> [Listed records]:
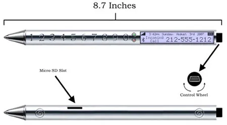 5. Ручка-телефон. На первый взгляд кажется, что в жертву столь нестандартному форм-фактору принесены едва ли не все привычные нам функции, но при детальном рассмотрении выясняется, что это не так. Здесь присутствует цифровой ряд клавиатуры, небольшой LED-дисплей для отображения информации и навигации по меню, разъём mini-USB для синхронизации и зарядки аккумуляторов и даже слот для флеш-карт формата microSD. В общем, обычный набор бюджетного телефона – но устройство ведь всё-таки размером с ручку! Это впечатляет.
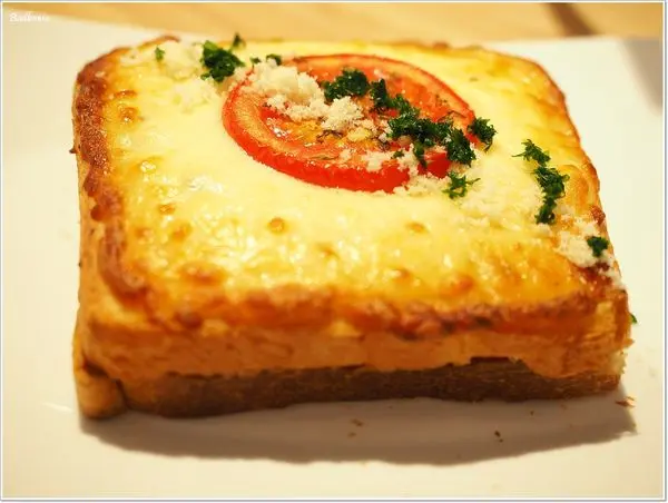 因為中午時間,怕波妞想吃鹹的,所以另外點了一份庫克熱三明治。可以看到表面滿滿的起司,所以起司香起超重,很有土司版PIZZA的感覺。
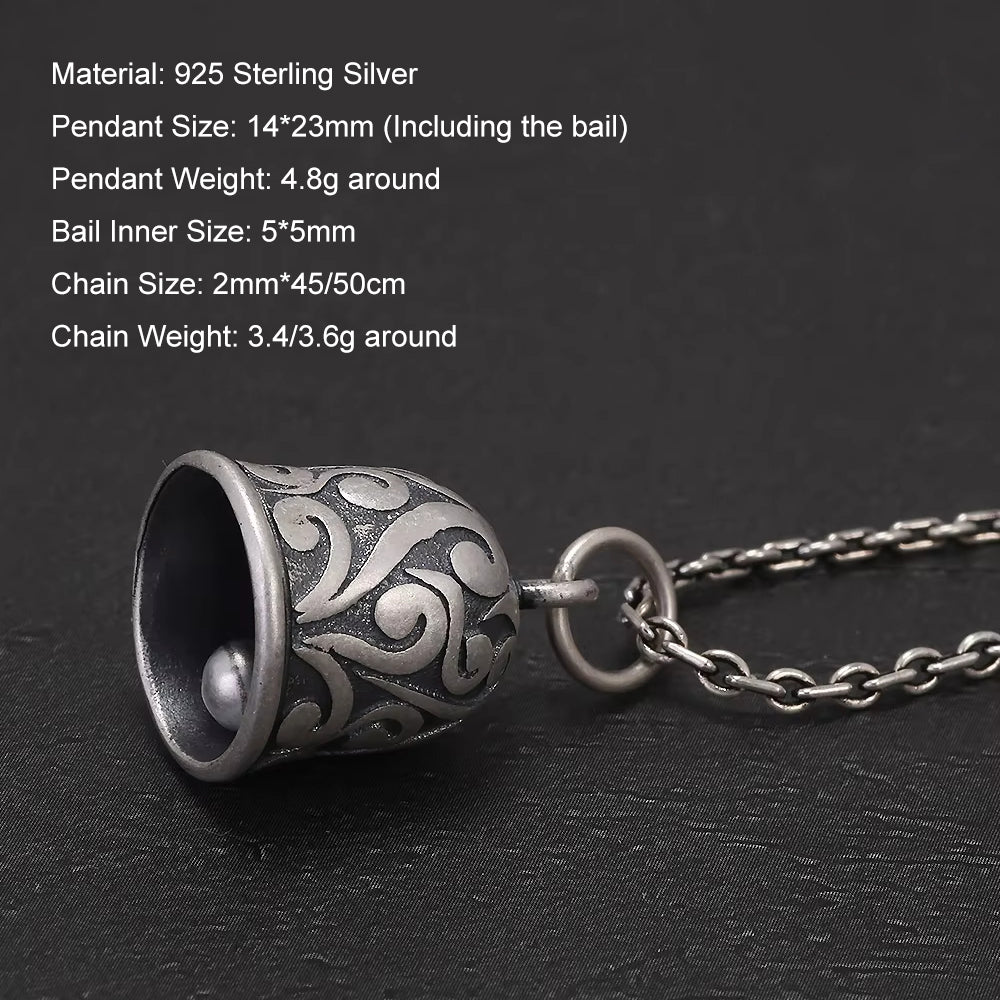 925 Sterling Silver Vintage Bell Pendant Necklace Tinkling Rattling Sound Matte Arabesque Pattern Unisex Charm Luck Jewelry Gift
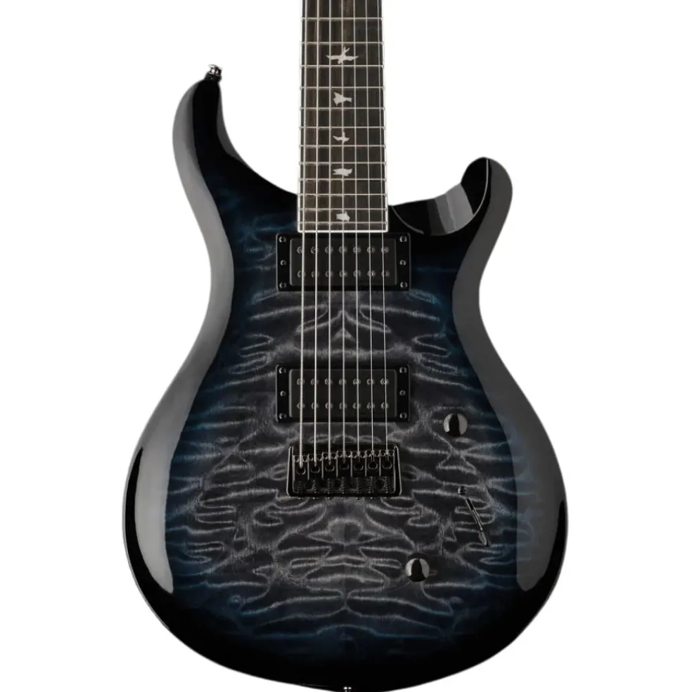 The SE Mark Holcomb SVN model truly stands on its own in the PRS lineup and delivers addictive playability thanks to some unique specifications, including a 24-fret, 26.5” scale length, wide thin satin maple neck with 20” radius ebony fretboard. Holcomb’s signature Seymour Duncan Scarlet and Scourge 7-string pickups provide the right amount of output and articulation whether you’re playing sophisticated chords or solos and whether you’re playing alone or working in the mix of a band. Other specifications include black hardware, a 3-way blade pickup switch with push/pull tone knob for coil splitting, and a quilted maple veneer. The model is topped off with coil-splits for the pickups and a string-through, plate-style, 7-string bridge.
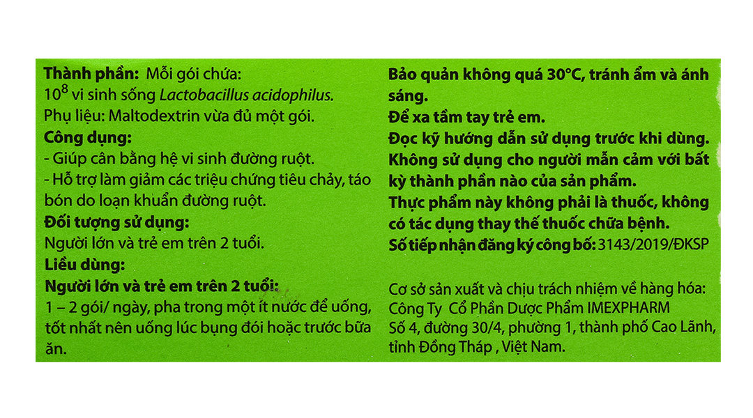 - Lactobacillus acidophilus có khả năng sản xuất enzyme lactase nhằm phân hủy đường lactose thành axit lactic – dễ tiêu hóa và có vai trò cân bằng pH, giảm tiêu chảy, táo bón,…
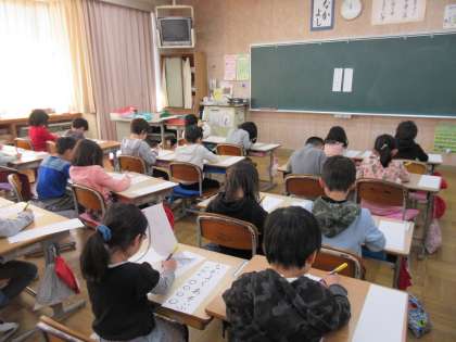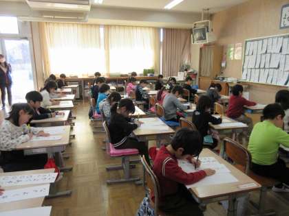 「春の海」の音楽の流れる教室で,冬休みに練習した「なかよくあそぶ」を書きました。文字の大きさや間隔に気を付けて真剣に書くことができました。

> [Work request]: In the listing above, find the line containing "因為中午時間,怕波妞想吃鹹的" and the line containing "- Lactobacillus acidophilus", then return both of them and every line between, exactly, without pictures.

> [Output for this exercise]:
 因為中午時間,怕波妞想吃鹹的,所以另外點了一份庫克熱三明治。可以看到表面滿滿的起司,所以起司香起超重,很有土司版PIZZA的感覺。
 925 Sterling Silver Vintage Bell Pendant Necklace Tinkling Rattling Sound Matte Arabesque Pattern Unisex Charm Luck Jewelry Gift
 The SE Mark Holcomb SVN model truly stands on its own in the PRS lineup and delivers addictive playability thanks to some unique specifications, including a 24-fret, 26.5” scale length, wide thin satin maple neck with 20” radius ebony fretboard. Holcomb’s signature Seymour Duncan Scarlet and Scourge 7-string pickups provide the right amount of output and articulation whether you’re playing sophisticated chords or solos and whether you’re playing alone or working in the mix of a band. Other specifications include black hardware, a 3-way blade pickup switch with push/pull tone knob for coil splitting, and a quilted maple veneer. The model is topped off with coil-splits for the pickups and a string-through, plate-style, 7-string bridge.
 - Lactobacillus acidophilus có khả năng sản xuất enzyme lactase nhằm phân hủy đường lactose thành axit lactic – dễ tiêu hóa và có vai trò cân bằng pH, giảm tiêu chảy, táo bón,…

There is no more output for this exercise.